Adele war für sechs Grammys nominiert, nur übertroffen von Kanye West mit sieben Nominierungen. Der gewann auch gleich einen Preis – gemeinsam mit seinem Kollegen Jay-Z - für die "Beste Rap-Performance" und den Song "Otis". Doch die Herren waren leider abwesend. Dafür gab es ein nettes Duett von Rihanna und Coldplay, die sich für den Coldplay-Song "Paradise" vereinigten, den Rihanna mit den Worten "Make some noise für Whitney!" unterlegte. Danach ging es um die "Beste Rock Performance", und da ging der Preis an die Foo Fighters und ihren Song "Walk", den sie, so rühmten sich die Herren, "in einer Garage erfunden haben, mit einem Aufnahmegerät". Voll old school. Cool!

Dann war wieder Whitney-Houston-Zeit: Stevie Wonder betrat die Bühne und hielt eine kleine Ansprache an "Whitney oben im Himmel. Wir alle lieben dich, Baby Houston!" Dann kam eine Frau, deren Stimme mindestens so stark ist wie die von Whitney Houston einmal war – Adele, deren "Rolling Into Deep" den Preis in der Kategorie "Best Song Of The Year" gewann. Adele dankte "meinem Arzt, der meine Stimme gerettet hat", nach ihrer Stimmenbandoperation. Und dann zeigte sie, wie gut die Stimme wieder funktioniert: Sie sang "Rolling Into Deep", kraftvoll und unverwechselbar – und bekam den längsten Applaus des Abends. Im Publikum konnte man auf den Lippen von Rihanna oder Paul McCartney ein Wort ablesen: "Wow!". Und die Wow-Momente gingen weiter. Jennifer Hudson betrat die Bühne und sang "I Will Always Love You" – in Gedenken an Whitney Houston. Es war ein großer, ein mutiger Auftritt, den man sich erst einmal trauen muss: So eine Stimme auszufüllen. Gerührte Tränen im Publikum, aber dann war wieder Adele-Zeit, die all die sechs Preise gewann, für die sie nominiert war – sie war der Hit des Abends.
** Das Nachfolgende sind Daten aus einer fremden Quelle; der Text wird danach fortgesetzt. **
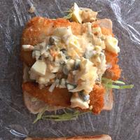 - 準備 ・タルタルソース用のゆで卵を作っておきます。 ・衣用の卵を溶いておきます。 ・揚げ油を180℃に温めておきます。 ・食パンは焼いておきます。

"Oh my God!" Das beste Album ist "21"

Adele siegte in der Kategorie "Record Of The Year" ("Rolling Into Deep") und "Album Of The Year" ("21"). Letztere Auszeichnung brachte sie aus der Fassung: Adele weinte, als sie ihren größten Preis entgegen nahm. "Oh my God!", schluchzte sie. "Danke. Danke! Dieses Album war inspiriert von einer schlechten Beziehung. Es hat mein Leben verändert." Die Grammy-Nacht war ein angemessener Abend und eine von Frauen bestimmte Angelegenheit: Eine starke Stimme war gegangen – die von Whitney Houston. Eine andere lebte wieder auf – die von Adele.

Das Finale - Paul McCartney mit Bruce Springsteen und den Foo Fighters auf der Bühne - brauchte kein Mensch mehr.